The epic 17-minute studio improv, “Stump the Panel,” is unapologetically avant-garde, containing some riveting moments of Cline and Skerik going toe-to-toe, while more atmospheric pieces like the spacious and mournful ballad “Nightstand” and the noirish “Headdress” reveal the flexible band’s cooler, jazzier side. The raging wah-wah-laden punk-funk of “Princess Phone” recalls the edgy electronic experiments of Miles Davis’ On the Corner with incendiary Rhodes rampaging by Marsella, while the edgy throw down “The Pleather Patrol,” fueled by Dunn’s bubbling fuzz baselines and Amendola’s slamming backbeat, is straight out of P-Funk. The 16- minute studio jam, “A Place on the Moon,” travels from peaceful Brian Eno-influence ambient soundscape to swirling cacophony and back. Cline’s most intimate moments on Share The Wealth come on his sparse dobro feature “Ashcan Treasure,” in which he is accompanied only by Marsella’s toy piano, and on the solemn requiem “Passed Down,” his personal response to a friend’s suicide.

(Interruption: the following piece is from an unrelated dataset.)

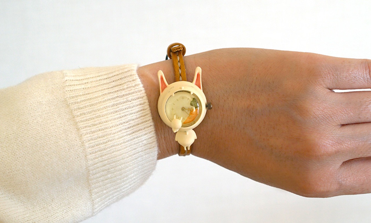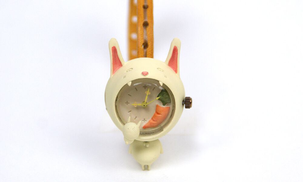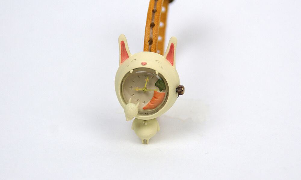 口に入れたニンジンを仔ウサギに奪われ続けているのに、気づかない、そんな白うさぎの腕時計です。

Recorded in just two days at The Bunker in Brooklyn with Cline and Eli Crews co-producing, Share The Wealth is by far Cline’s most fiercely experimental, cutting-edge Blue Note outing to date. “What little material I brought into the session we just learned and recorded it on the spot,” he explained. “There was no ramp up to this session for anyone to become familiar with the material. I didn’t even send music out ahead of time. We just played it down in the studio.”


Share The Wealth also marks the first time that Los Angeles native Cline and Seattle native Skerik have ever recorded together. “We’ve known each other for almost 20 years but we had never played together until last year,” said Cline. “I was aware of these kind of wacky projects he had like his trio Crack Sabbath that played all Black Sabbath or Syncopated Taint Septet, which was a killer band with a lot of Afrobeat influence, or The Dead Kenny G’s with drummer Mike Dillon. So I’d hear him in all these different bands and you could hear a lot of R&B and lot of Mingus influences in his music. But when I improvised with him at a gig last year in New York City, I heard this other side of him that I hadn’t really paid attention to, which is this kind of Gato Barbieri- Pharoah Sanders thing that he can do. When he hits that stuff, it works my nerves in the best possible way. Just being able to hit that really direct, really strong melodic thing is very rewarding for my ears.”

Regarding the album title, Share The Wealth, Cline said, “I’m no politician but I am very concerned about the concentration of more and more wealth among fewer and fewer people. The percentage gets smaller and smaller and this is bad for society. And I also think that everybody, unless they're sort of subhuman, wants a fair shake for everybody. I think everybody wants to have security for themselves and their families. And I think that a real society should provide that. What can I say? I guess I'm a socialist.”